An artist’s impression of the wreck of the Benvenue

The following year, a suggestion made by Edward at a public meeting led to the first Venetian Fete on the Royal Military Canal at Hythe. Although it got off to a rocky start because of lack of funding, it eventually became a biennial event , comprising floating tableaux and, after dark, illuminations and fireworks.  It continues to this day (though currently, Covid-19 has put it on hold).

 

A twenty-first century Venetian Fete float

In 1916, Edward conceived the second event which still survives.  Canadian soldiers were a common sight in Hythe during the First World War. On arrival in the UK they were accommodated at one of the many camps which ringed Hythe until they were shipped to France. Many came back injured and many of these did not recover. They were buried a Shorncliffe cemetery, just outside the Hythe boundary. Each grave had its uniform wooden cross bearing name and regiment, Edward wrote in the Hythe Reporter but the men’s relations thousands of miles away were denied the consolation of visiting these graves.  He would like to see a day set apart for the placing of flowers on each grave, ‘and who is more fitted to this than the children who wave flags and salute the flag on Empire Day?
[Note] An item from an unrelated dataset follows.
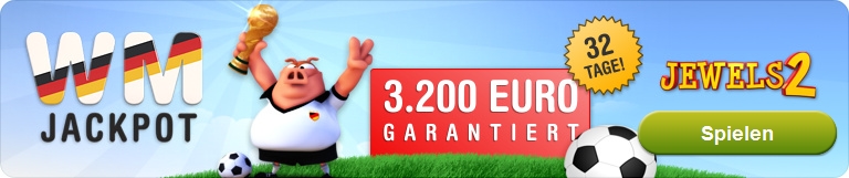 Die Fussball WM dauer 32 Tage, deshalb gibt es im selben Zeitraum ein Jewels 2 – Jackpot Turnier, das es in sich hat. Dotiert ist der Topf mit 3.200 Euro! Für ein Casual Game ist das schon ein enormes Preisgeld, und dieser Betrag könnte sogar noch steigen. Dass die Fussball WM natürlich auch die Anbieter von Online Spielen nicht kalt lässt, ist klar, und M2P Games schon gar nicht.

So Canadian Flower Day was born.

In the early evening of Wednesday, 13th July, 1,500 schoolchildren assembled on the sloping ground of the cemetery.  Nearly all had walked there.  To the music of the Band of the Canadian Artillery, they and the adult visitors sang ‘The Maple Leaf’ and the National Anthem.  Then the children walked quietly among the graves with their bouquets and posies, until every grave was a mass of flowers.  Many Canadian soldiers were present, and it was noted that afterwards a number picked a few flowers to send to relations in Canada. This became, until 1939, and annual event and was reinstated in 1952.
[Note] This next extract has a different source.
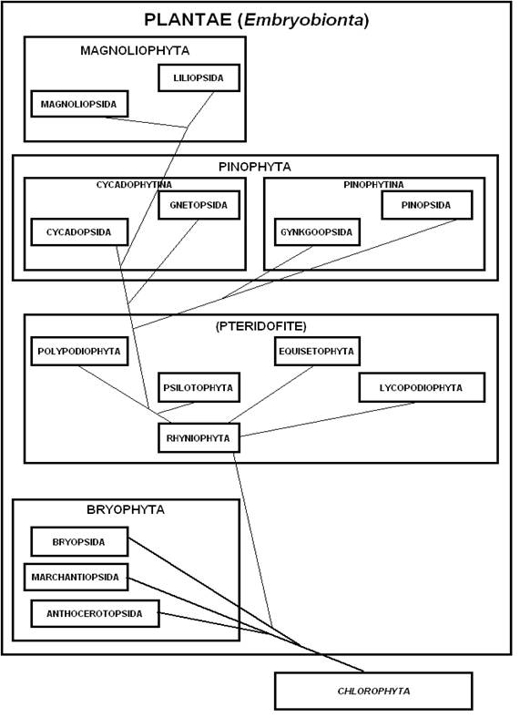 Fig. 3 - Il regno vegetale (Embryobionta). Le linee indicano i possibili legami filogenetici tra le piante.

The first Canadian Flower Day

During the war, Edward also volunteered for the Hythe Volunteer Fencibles, a sort of proto- Home Guard.

Edward in uniform

After the war, Edward interested himself in maintaining and developing the entente cordiale with France, organising cultural, sporting and educational exchanges. In 1924, he was awarded the Palmes Academique for services to the Republic of France.  By now, he and his wife had moved to Folkestone, where they lived in Audley Road.

Edward died on 7 October 1927, having been ill since the beginning of the year, though he had continued during his time to submit historical articles to his newspaper.  One obituary said of him that he had three great beliefs – in Hythe, in international friendship and in decency.

And the Hythe Reporter was published until the paper shortages of World War Two led to its demise.